Nothing outside the range below should be printed. Output exactly the lines from the line with "Kwagiulth Serigraph Signed" to the line with "Alohadaddy Geometric Pattern", both included.

*Data supplied:*
================================

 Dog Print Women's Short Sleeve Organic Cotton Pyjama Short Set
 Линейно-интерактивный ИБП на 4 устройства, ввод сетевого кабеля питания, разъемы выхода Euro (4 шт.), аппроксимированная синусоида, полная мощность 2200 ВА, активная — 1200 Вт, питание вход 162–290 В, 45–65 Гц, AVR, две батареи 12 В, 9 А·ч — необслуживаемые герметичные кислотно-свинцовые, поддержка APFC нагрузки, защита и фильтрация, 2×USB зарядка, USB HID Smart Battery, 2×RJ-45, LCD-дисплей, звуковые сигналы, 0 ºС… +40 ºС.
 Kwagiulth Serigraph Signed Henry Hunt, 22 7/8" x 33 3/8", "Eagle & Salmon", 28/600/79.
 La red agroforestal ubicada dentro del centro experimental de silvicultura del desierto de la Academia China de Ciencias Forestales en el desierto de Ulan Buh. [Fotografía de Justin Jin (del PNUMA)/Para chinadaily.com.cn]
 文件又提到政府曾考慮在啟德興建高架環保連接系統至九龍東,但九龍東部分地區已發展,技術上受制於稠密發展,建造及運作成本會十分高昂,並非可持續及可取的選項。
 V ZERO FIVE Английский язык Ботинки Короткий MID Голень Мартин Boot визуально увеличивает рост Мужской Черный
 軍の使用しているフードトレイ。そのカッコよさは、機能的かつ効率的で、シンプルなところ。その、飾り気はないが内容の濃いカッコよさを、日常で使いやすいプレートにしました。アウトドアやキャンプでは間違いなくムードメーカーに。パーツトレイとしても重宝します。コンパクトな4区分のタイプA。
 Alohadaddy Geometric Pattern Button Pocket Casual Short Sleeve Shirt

================================

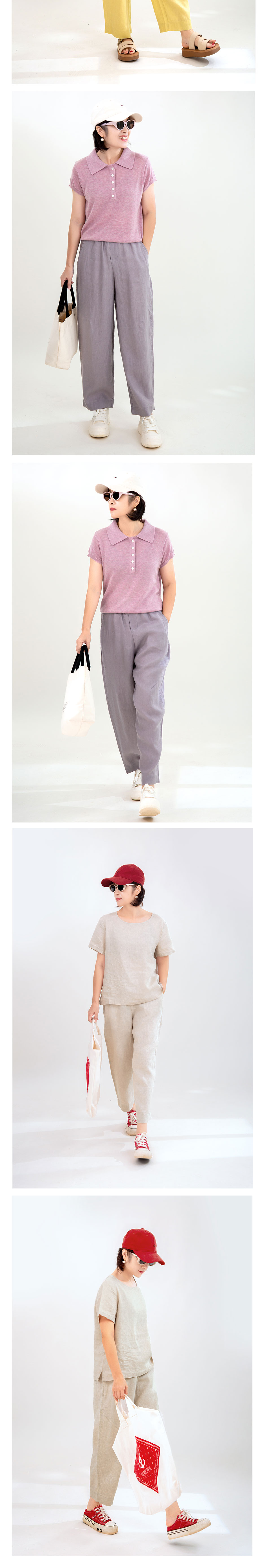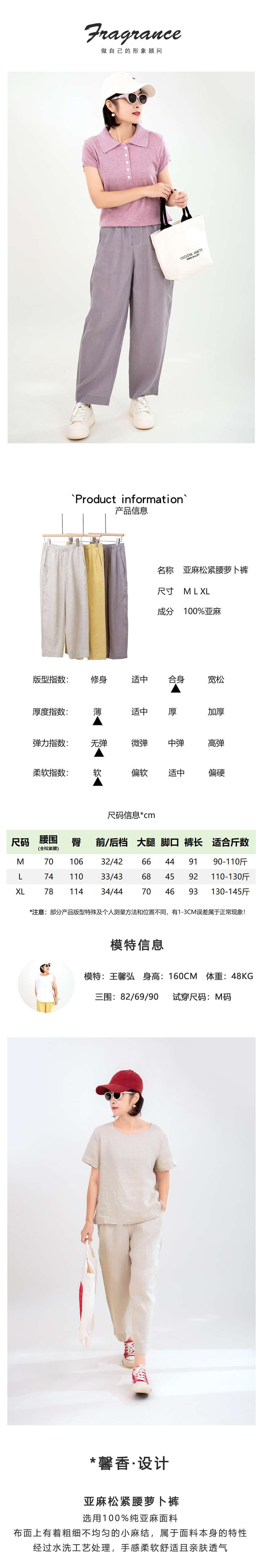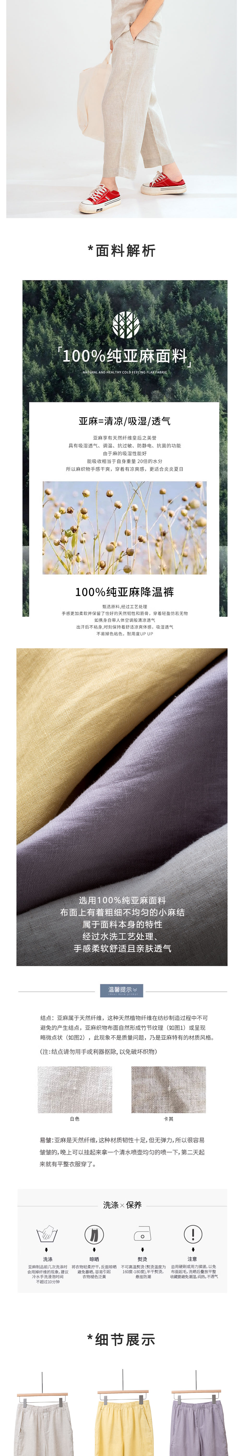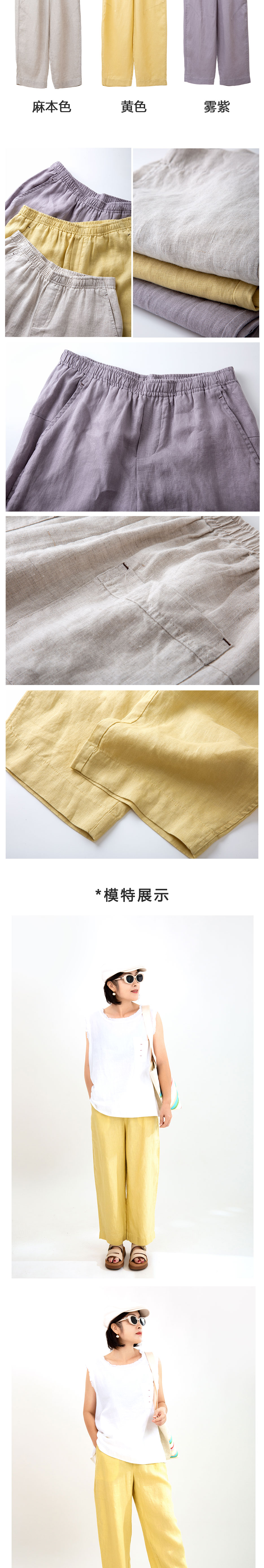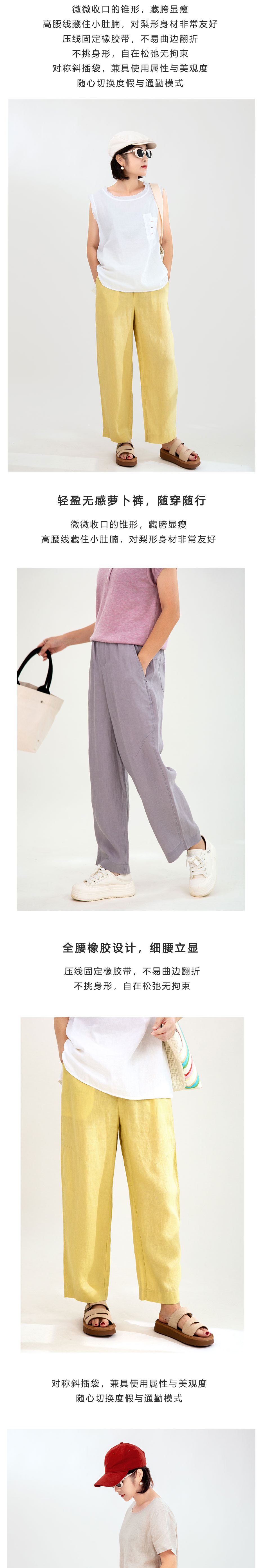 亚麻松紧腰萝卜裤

================================

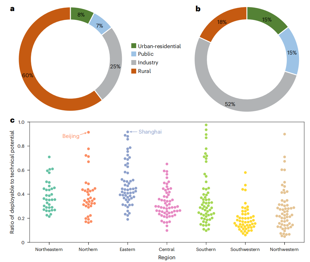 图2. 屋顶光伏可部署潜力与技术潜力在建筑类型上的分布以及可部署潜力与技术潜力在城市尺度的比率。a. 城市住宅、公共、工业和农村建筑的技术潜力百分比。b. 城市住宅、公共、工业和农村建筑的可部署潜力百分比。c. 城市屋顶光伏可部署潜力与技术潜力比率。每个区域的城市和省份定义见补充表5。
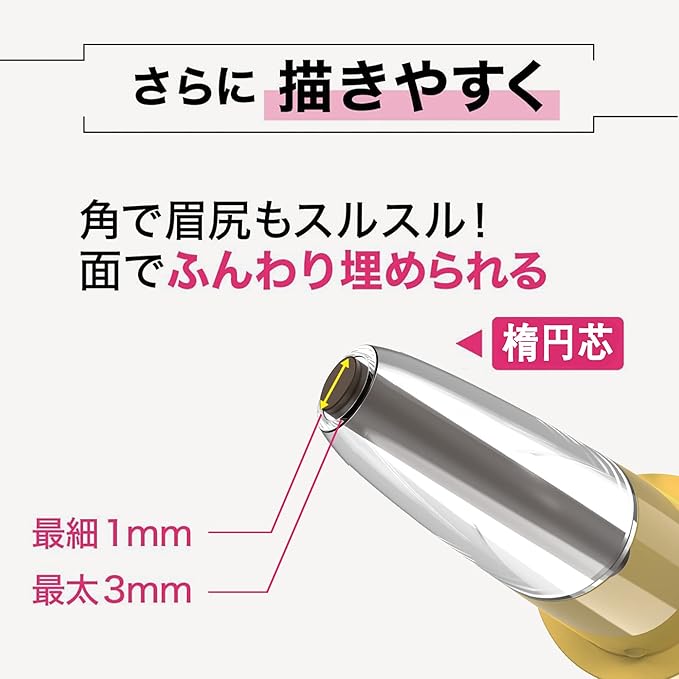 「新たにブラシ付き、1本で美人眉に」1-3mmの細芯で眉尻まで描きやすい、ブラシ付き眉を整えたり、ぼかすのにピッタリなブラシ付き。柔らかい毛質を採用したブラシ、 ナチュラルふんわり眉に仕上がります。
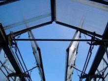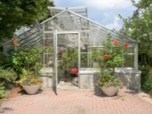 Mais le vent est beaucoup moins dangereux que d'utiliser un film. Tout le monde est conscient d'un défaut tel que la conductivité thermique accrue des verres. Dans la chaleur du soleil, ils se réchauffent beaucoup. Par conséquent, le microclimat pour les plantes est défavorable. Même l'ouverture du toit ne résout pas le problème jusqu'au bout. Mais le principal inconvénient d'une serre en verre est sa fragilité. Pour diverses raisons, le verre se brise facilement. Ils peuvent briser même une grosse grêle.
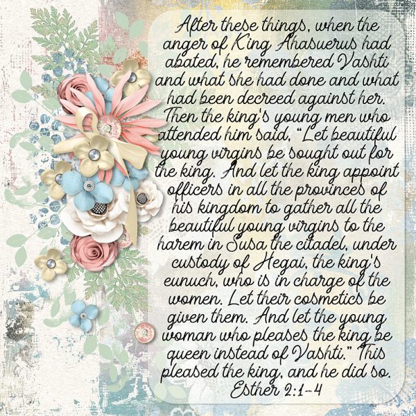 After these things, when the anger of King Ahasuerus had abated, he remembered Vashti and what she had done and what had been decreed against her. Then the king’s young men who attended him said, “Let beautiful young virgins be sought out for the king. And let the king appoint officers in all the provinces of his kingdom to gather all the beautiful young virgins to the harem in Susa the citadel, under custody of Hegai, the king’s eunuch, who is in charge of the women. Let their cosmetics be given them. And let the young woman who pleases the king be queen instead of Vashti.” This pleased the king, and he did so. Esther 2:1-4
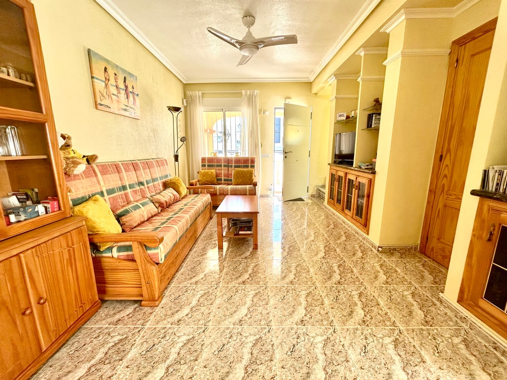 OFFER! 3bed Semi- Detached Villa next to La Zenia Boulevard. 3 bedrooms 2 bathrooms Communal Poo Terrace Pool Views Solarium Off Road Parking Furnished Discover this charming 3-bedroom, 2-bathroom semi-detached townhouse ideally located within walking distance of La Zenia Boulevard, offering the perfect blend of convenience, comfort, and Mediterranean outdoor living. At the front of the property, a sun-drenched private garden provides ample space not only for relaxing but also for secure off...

================================

*Result of the task:*
 Kwagiulth Serigraph Signed Henry Hunt, 22 7/8" x 33 3/8", "Eagle & Salmon", 28/600/79.
 La red agroforestal ubicada dentro del centro experimental de silvicultura del desierto de la Academia China de Ciencias Forestales en el desierto de Ulan Buh. [Fotografía de Justin Jin (del PNUMA)/Para chinadaily.com.cn]
 文件又提到政府曾考慮在啟德興建高架環保連接系統至九龍東,但九龍東部分地區已發展,技術上受制於稠密發展,建造及運作成本會十分高昂,並非可持續及可取的選項。
 V ZERO FIVE Английский язык Ботинки Короткий MID Голень Мартин Boot визуально увеличивает рост Мужской Черный
 軍の使用しているフードトレイ。そのカッコよさは、機能的かつ効率的で、シンプルなところ。その、飾り気はないが内容の濃いカッコよさを、日常で使いやすいプレートにしました。アウトドアやキャンプでは間違いなくムードメーカーに。パーツトレイとしても重宝します。コンパクトな4区分のタイプA。
 Alohadaddy Geometric Pattern Button Pocket Casual Short Sleeve Shirt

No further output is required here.